America's Monumental Dinosaur Site
For the first time in years, visitors can once again see the nation's most productive Jurassic park
- By Brian Switek
- Smithsonian.com, May 31, 2012, Subscribe
(Page 2 of 2)
The tracks were most likely made by therapsids, archaic forerunners of mammals. The creatures were covered with fur and had teeth in a variety of different shapes, characteristics that set therapsids apart from reptiles. The creatures shuffled up and down massive sand dunes during a time when the area looked like the Gobi Desert. The fact that so many small creatures left tracks hints at the ancient ecology—they could not have survived in a totally dry desert. “There’s a good possibility there was some kind of water nearby” in the form of a lake or other oasis, Engelmann said. Since the slab is far too large to extract, Chure and Engelmann plan to pour latex over the rock and make a peel of all the tiny footprints to study how the hairy little critters moved around.

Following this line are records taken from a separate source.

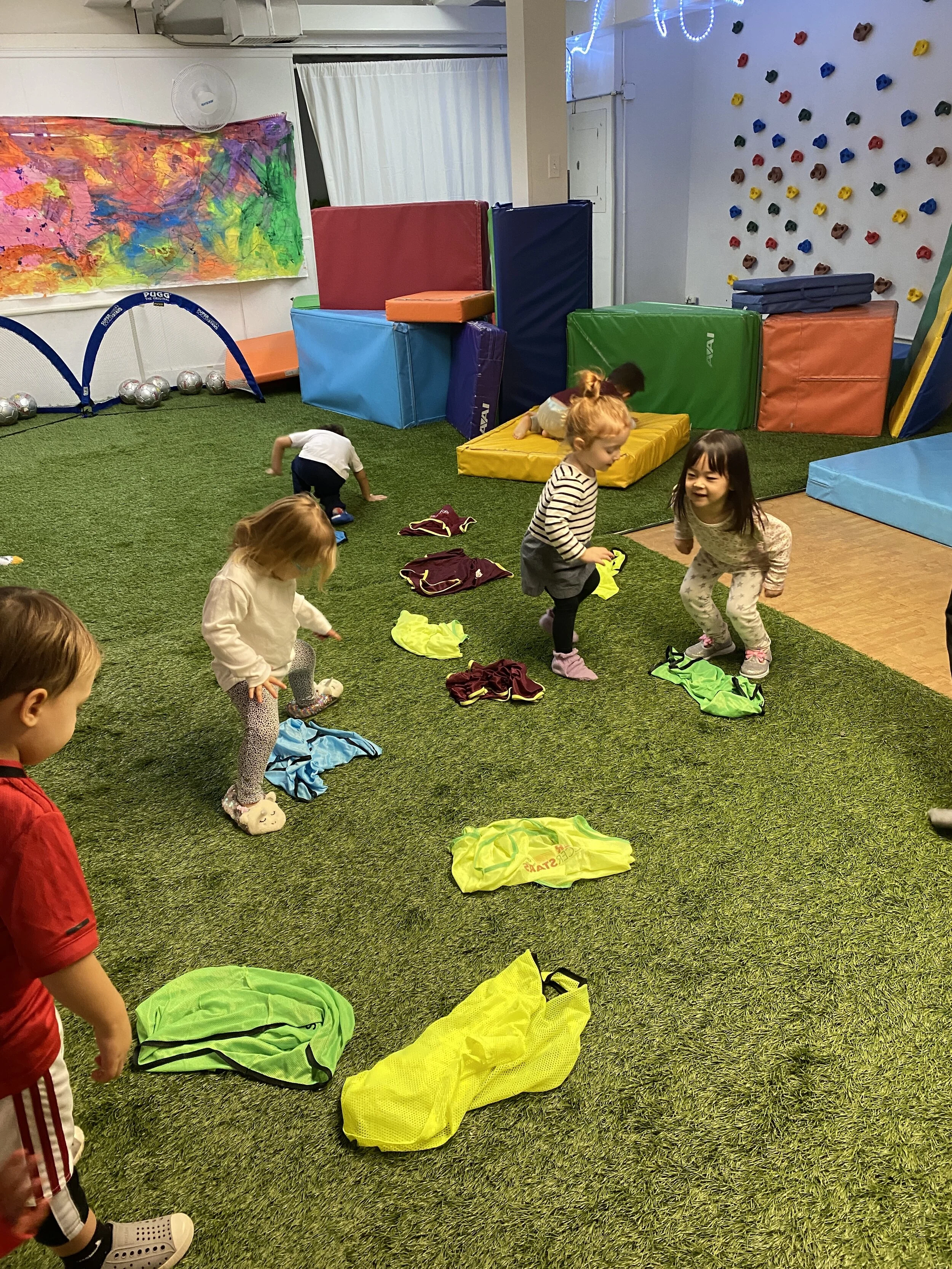Soccer - we played a game with “beach towels” where the children had to jump over the shirts. Then, they kicked the mini soccer balls onto the shirts and did two kicks on the ball.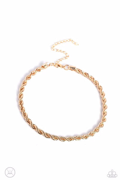 An ornate, thick, gold rope chain links around the neck, resulting in an edgy minimalist statement. Features an adjustable clasp closure.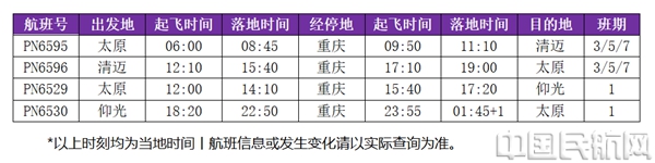 太原—重庆—清迈航线(航班号PN6595/PN6596)计划3月28日开通,每周三、五、日执行。清迈是泰国北部历史文化名城,素以清新的山城风光、悠久的兰纳文化闻名,是众多游客心仪的旅游目的地。该航线通过重庆枢纽中转,将山西及周边旅客引入重庆,再由重庆飞往清迈,进一步强化重庆的国际中转集散功能。
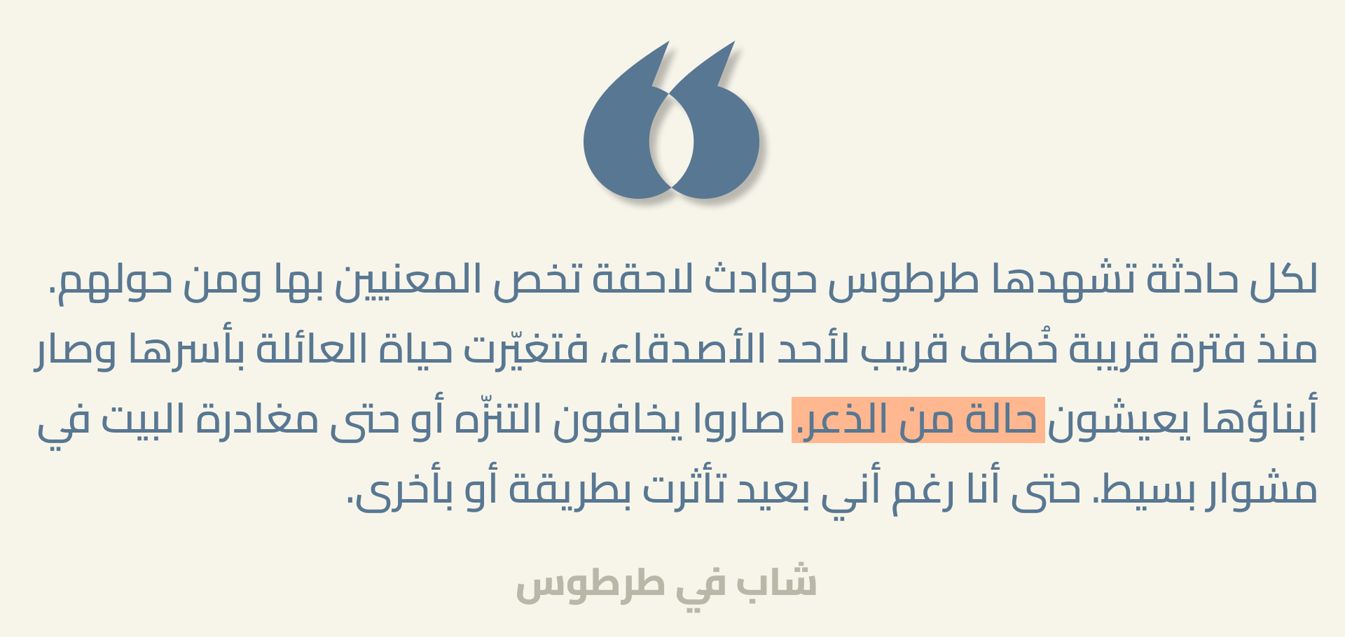 يواجه الشباب في مناطق مثل طرطوس، إحدى المناطق الساحلية التي اجتاحتها موجة عنف في آذار 2025، مزيجاً معقداً من المخاوف الأمنية، الأمر الذي فاقمته حوادث الخطف المستمرة وحالة اللايقين المتعلقة بأفضل سُبُل التعامل مع السلطات الانتقالية.

During the time that therapsids were skittering over ancient dunes, a group of more than 20 predatory theropod dinosaurs died during a drought. If they had held out a little longer they might have survived, for water soon covered their bodies, and their carcasses become preserved in a temporary pond. Three years ago, on the last day of the summer field season, Chure and Engelmann found the theropod bones just outside the park boundary and, with their Brigham Young University (BYU) colleague Brooks Britt, collected as many bits and pieces as possible.
I saw the bones laid out on the dusty laboratory tables of BYU’s Museum of Paleontology. The whine of air-powered tools and the sound of rock being scraped from bone filled dusty workspace. The startlingly white bones looked as if they had come from a recently deceased animal, but a closer look guided by Chure and Engelmann left no doubt that these were the petrified remains of juvenile dinosaurs. Bits of skull set with recurved teeth, hollow bones, and even a prehistoric wishbone or two were clues that a group of slender predatory dinosaurs had died and gone to pieces in the same place. “You can count the number of fossil vertebrates from [early Jurassic] deposits on one hand, and not all of that hand,” Chure said. “This is the biggest Early Jurassic theropod collection in the Western Hemisphere, possibly the world.” Britt chimed in: “It’s a gold mine!”
This dinosaur species still lacks a name, though Britt, Chure and Engelmann believe it is closely related to a more recent theropod called Coelophysis. These gracile dinosaurs had narrow, triangular heads, long necks and lightly built bodies that stretched about 10 feet long. Based on how often they are found together, Coelophysis likely traveled in groups. No complete, articulated skeletons of the new species have been found, but the state of their bones suggests how they died. Given the arid habitat and the fact the juvenile animals often die in droughts today, the working hypothesis is that the dinosaurs died of thirst and their bodies were preserved when water covered their bones. Their bodies sat in a temporary pool for long enough that the skeletons fell apart. The bones are well preserved, hinting that the dinosaurs died shortly before the return of the rains they so desperately needed.
Tucked away in other drawers at the BYU lab are four skulls, ranging from nearly complete to little more than a set of dinosaur “dentures,” or snout and teeth, from a 104-million-year-old sauropod dinosaur recently discovered at the monument. Named Abydosaurus mcintoshi, this dinosaur is helping fill in a gap in dinosaur history that has long frustrated paleontologists. For many years it seemed that the great long-necked sauropods went into a decline in North America about 145 million years ago, but Abydosaurus shows that these dinosaurs were still thriving in North America for much longer. And there is more left in the rock. With some carefully placed explosives, Chure and Britt hope to clear off an even larger exposure of the bonebed where Abydosaurus rests.
I'm glad the outdated, crumbling dinosaurs still stand along the road outside the park. The poor creatures are a baseline for dinosaurs as we used to know them—a historical remnant that shows us just how dramatically our understanding of these magnificent creatures has changed. Dinosaurs were not stupid, drab creatures destined for extinction (or to advertise hotel swimming pools). They were fantastic, vibrant animals whose avian descendants remain among us today. Through the beautiful swaths of geologic time exposed at Dinosaur National Monument, preserved thanks to Douglass' dream, we can gain a few glimpses into just how magnificent the Age of Dinosaurs truly was.